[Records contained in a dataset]
□ □ □ □
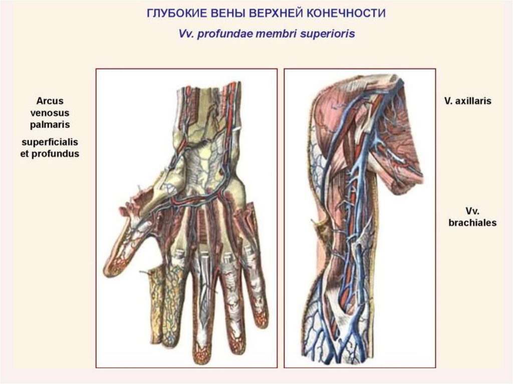 Глубокие вены следуют параллельно с артериями и нервом в общем сосудистонервном пучке.
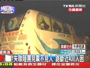 報道說,游覽車玻璃上還貼著歡迎貴賓的簡體字紙條,但車上的司機和旅客卻不知去向。工程人員表示:“只有車,受困在坍方的地方!庇浾邌枺骸叭擞性谏厦鎲?”工程人員回答:“我不曉得,我沒有上去耶。”
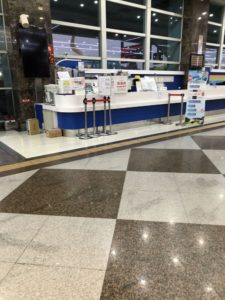 ポケットWiFiを人気のない1階出発ロビーにあるカウンターに返しに行きます。
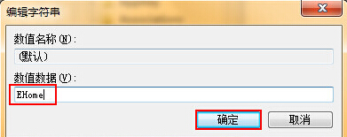 4.打开默认字符串值后,我们将数值数据修改为“EHome”,最后点击“确定”按钮。如下图所示
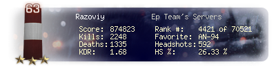 | Kill-streak | 34 | Death-streak | 8 | Team Kills | 1 |
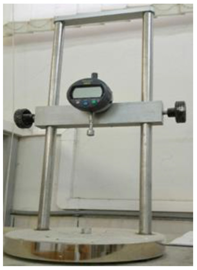 Deformation of the hardened cement mortars was evaluated by testing the 40 × 40 × 160 mm beam specimens. One day after molding, a brass adhesive rod was glued to the center of each end face of the beam sample. A quickly polymerizing non-expanding glue (epoxy resin 80 g, polyethylene polyamine 3 g, dibutyl phthalate 1 g) was used to fasten the adhesive. Prior to testing, an indicator-type device (Figure 3) was adjusted to the samples to measure the strain. Once the length of the samples was measured, they were stored in water. To determine the deformative properties, three beam samples of each composition were made.
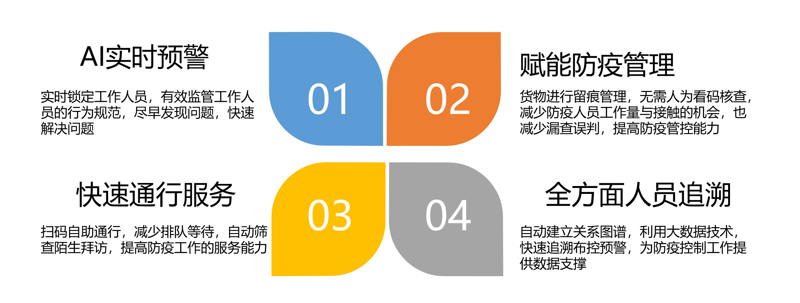 AI 冷链精准防疫解决方案包括:前端网络摄像机,AI 接入网关、云端 AIoT 管理平台、云 AI 管理组成。
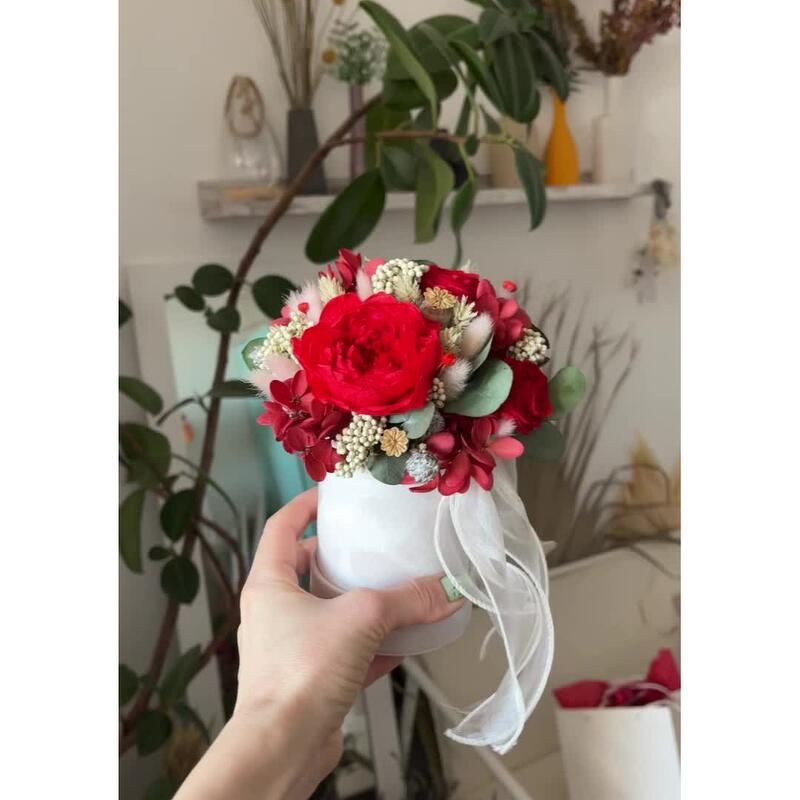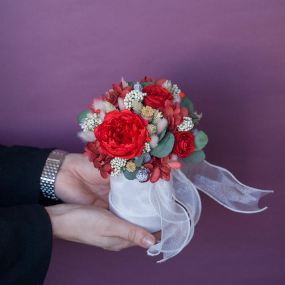 Композиция из сухоцветов и стабилизированных цветов в шляпной коробке (красная)
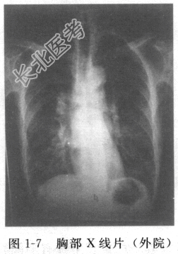 - [材料题] 患者男性,32岁,因“反复发热伴咳嗽、咳痰1周”入院。入院前外院急诊血常规提示WBC 13.6×109/L,N% 78%。胸部X线片(图1-7)示右下肺斑片状影。查体:双肺呼吸音粗,右下肺可闻及湿啰音。外院给予“头孢替安”等抗感染、退热等治疗后体温稍有下降,仍有反复咳嗽、咳痰。
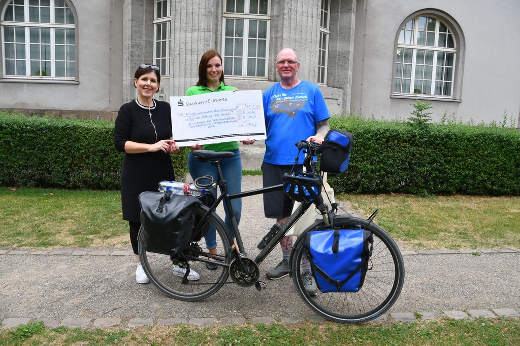 Gabriele Stange, die persönliche Referentin von Bürgermeister Dimitrios Axourgos, empfing den Radler. Sie zeigte sich schwer beeindruckt: "Was Olli Trelenberg alles auf sich nimmt, um soziale Projekte zu unterstützen, imponiert mir. Seine diesjährige Tour der Hoffnung ist ein Projekt, das jede Unterstützung verdient und ich bin mir sicher, dass all diejenigen, die zur Spendensumme beigetragen haben, das ebenfalls so sehen." Mit der Schwerter Klimaschutzmanagerin Jana Ermlich überreichte Gabriele Stange einen Scheck in Höhe von 901,20 Euro. Das Geld stammt aus der Fundräderversteigerung des Drahteselmarktes. Den Gesamtbetrag, den Oliver Trelenberg in diesem Jahr einfuhr, errechnet er während der kommenden Wochen.
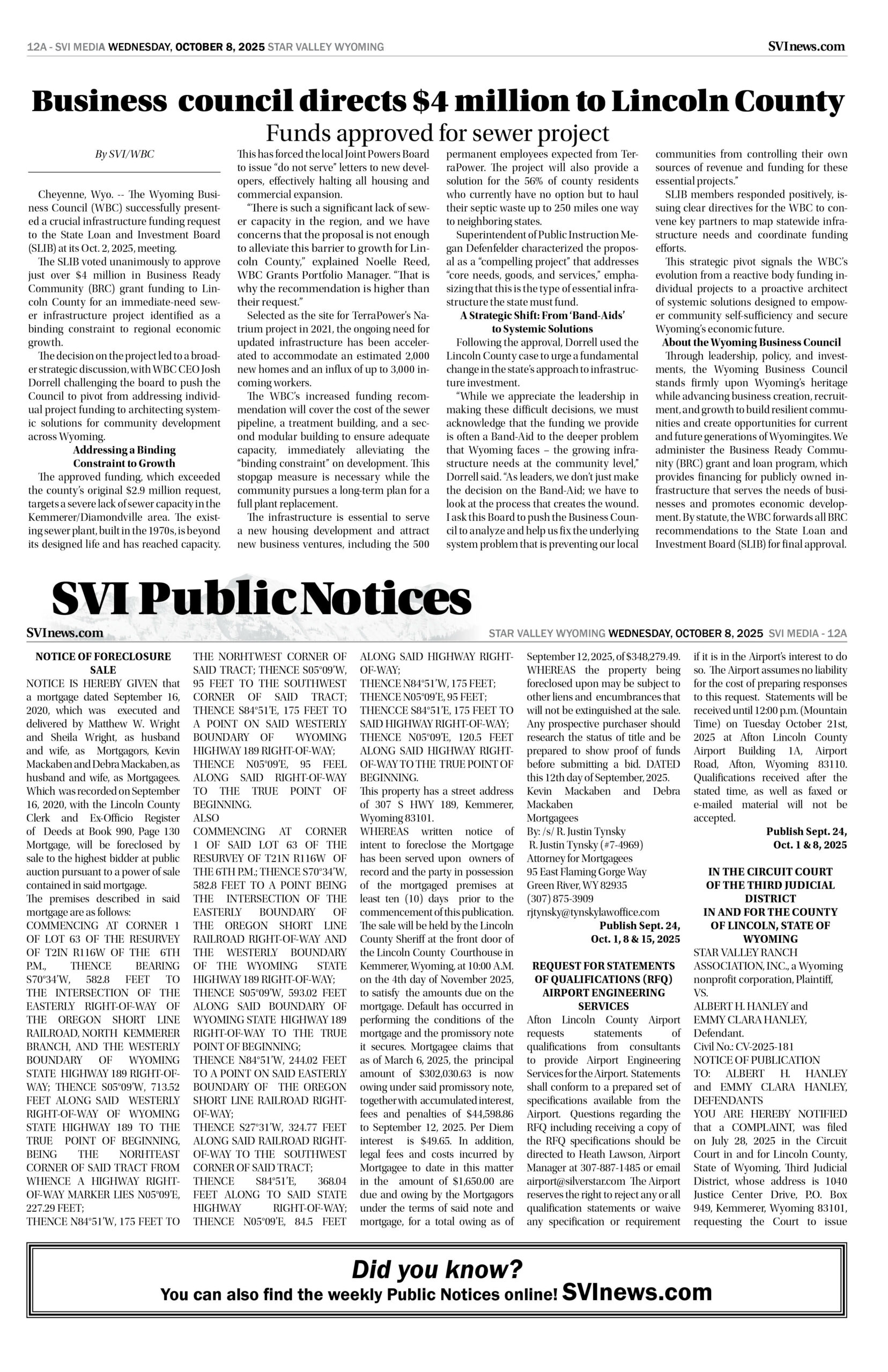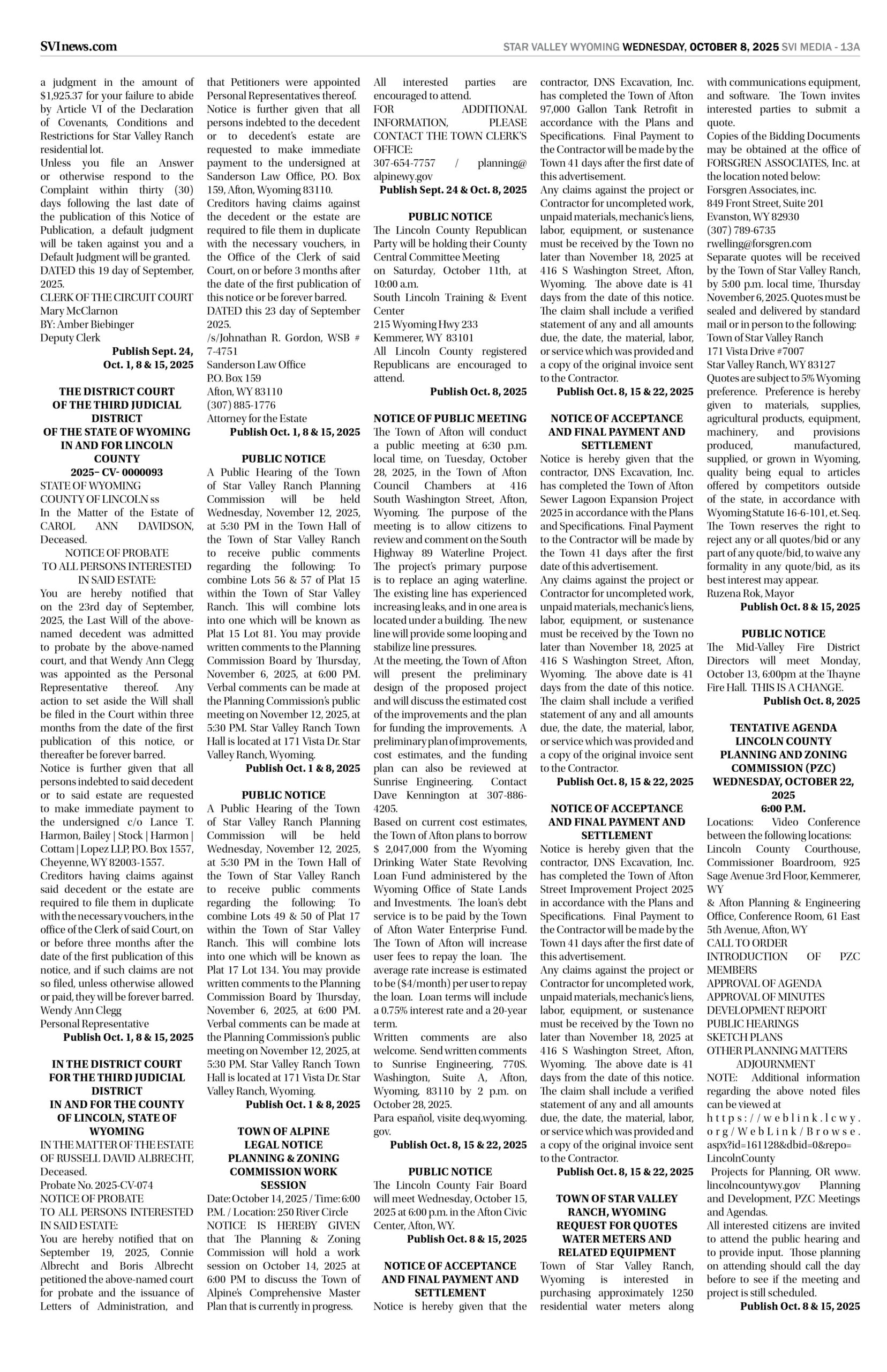 HomepagePublic NoticesOctober 8, 2025 Star Valley Independent Public Notices Public Notices October 8, 2025 Star Valley Independent Public Notices Amanda Nelson Posted on October 7, 2025 Post Views: 958 Let us know what you think! +1 0 +1 0 +1 0 +1 0 +1 0 +1 0 Post navigation Previous PostPokes in the Pros: Week 5 Next PostForest Service clears roads, fills holes near Smoot You Might Also Like Featured Cowboys Face Road Test at Sam HoustonĀ on Wednesday SVI Staff November 18, 2025 Sports (Video) – Star Valley Braves host Lander in 3A semifinals SVI Staff November 7, 2025 Featured Star Valley State Football Recap Show with Jake Hibbard Duke Dance November 21, 2025 Featured Rocky Mountain vs Pine Bluffs 1A 9-Man 2025 State Football Highlights Duke Dance November 17, 2025
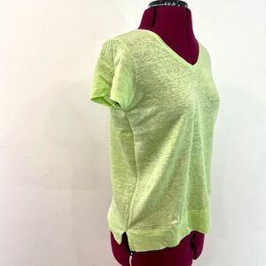 J. Jill Love Linen V-Neck Top Shirt Lime Mint Green XS Petite T-shirt
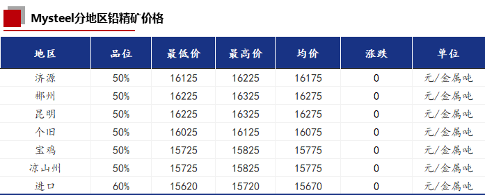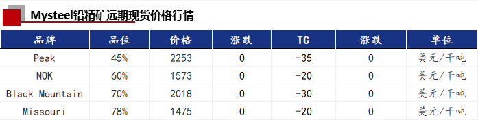 今日国内铅精矿加工费各地区均未调整,和上一交易日持平。进口TC主流报价-40至-20美元/干吨,进口铅精矿价格和上一交易日持平。
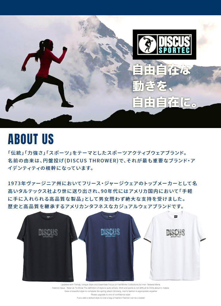 商品説明 | DISCUSより暑い時季におすすめの汗を吸ってもすぐに乾かすメッシュ素材を使用した、吸汗速乾性のあるドライ機能付き半袖Tシャツが入荷しました。 |
□ □ □ □
Provide an exact copy of the records, excluding every picture.

## [SOLUTION TO THIS PROBLEM]
 Глубокие вены следуют параллельно с артериями и нервом в общем сосудистонервном пучке.
 報道說,游覽車玻璃上還貼著歡迎貴賓的簡體字紙條,但車上的司機和旅客卻不知去向。工程人員表示:“只有車,受困在坍方的地方!庇浾邌枺骸叭擞性谏厦鎲?”工程人員回答:“我不曉得,我沒有上去耶。”
 ポケットWiFiを人気のない1階出発ロビーにあるカウンターに返しに行きます。
 4.打开默认字符串值后,我们将数值数据修改为“EHome”,最后点击“确定”按钮。如下图所示
 | Kill-streak | 34 | Death-streak | 8 | Team Kills | 1 |
 Deformation of the hardened cement mortars was evaluated by testing the 40 × 40 × 160 mm beam specimens. One day after molding, a brass adhesive rod was glued to the center of each end face of the beam sample. A quickly polymerizing non-expanding glue (epoxy resin 80 g, polyethylene polyamine 3 g, dibutyl phthalate 1 g) was used to fasten the adhesive. Prior to testing, an indicator-type device (Figure 3) was adjusted to the samples to measure the strain. Once the length of the samples was measured, they were stored in water. To determine the deformative properties, three beam samples of each composition were made.
 AI 冷链精准防疫解决方案包括:前端网络摄像机,AI 接入网关、云端 AIoT 管理平台、云 AI 管理组成。
 Композиция из сухоцветов и стабилизированных цветов в шляпной коробке (красная)
 - [材料题] 患者男性,32岁,因“反复发热伴咳嗽、咳痰1周”入院。入院前外院急诊血常规提示WBC 13.6×109/L,N% 78%。胸部X线片(图1-7)示右下肺斑片状影。查体:双肺呼吸音粗,右下肺可闻及湿啰音。外院给予“头孢替安”等抗感染、退热等治疗后体温稍有下降,仍有反复咳嗽、咳痰。
 Gabriele Stange, die persönliche Referentin von Bürgermeister Dimitrios Axourgos, empfing den Radler. Sie zeigte sich schwer beeindruckt: "Was Olli Trelenberg alles auf sich nimmt, um soziale Projekte zu unterstützen, imponiert mir. Seine diesjährige Tour der Hoffnung ist ein Projekt, das jede Unterstützung verdient und ich bin mir sicher, dass all diejenigen, die zur Spendensumme beigetragen haben, das ebenfalls so sehen." Mit der Schwerter Klimaschutzmanagerin Jana Ermlich überreichte Gabriele Stange einen Scheck in Höhe von 901,20 Euro. Das Geld stammt aus der Fundräderversteigerung des Drahteselmarktes. Den Gesamtbetrag, den Oliver Trelenberg in diesem Jahr einfuhr, errechnet er während der kommenden Wochen.
 HomepagePublic NoticesOctober 8, 2025 Star Valley Independent Public Notices Public Notices October 8, 2025 Star Valley Independent Public Notices Amanda Nelson Posted on October 7, 2025 Post Views: 958 Let us know what you think! +1 0 +1 0 +1 0 +1 0 +1 0 +1 0 Post navigation Previous PostPokes in the Pros: Week 5 Next PostForest Service clears roads, fills holes near Smoot You Might Also Like Featured Cowboys Face Road Test at Sam HoustonĀ on Wednesday SVI Staff November 18, 2025 Sports (Video) – Star Valley Braves host Lander in 3A semifinals SVI Staff November 7, 2025 Featured Star Valley State Football Recap Show with Jake Hibbard Duke Dance November 21, 2025 Featured Rocky Mountain vs Pine Bluffs 1A 9-Man 2025 State Football Highlights Duke Dance November 17, 2025
 J. Jill Love Linen V-Neck Top Shirt Lime Mint Green XS Petite T-shirt
 今日国内铅精矿加工费各地区均未调整,和上一交易日持平。进口TC主流报价-40至-20美元/干吨,进口铅精矿价格和上一交易日持平。
 商品説明 | DISCUSより暑い時季におすすめの汗を吸ってもすぐに乾かすメッシュ素材を使用した、吸汗速乾性のあるドライ機能付き半袖Tシャツが入荷しました。 |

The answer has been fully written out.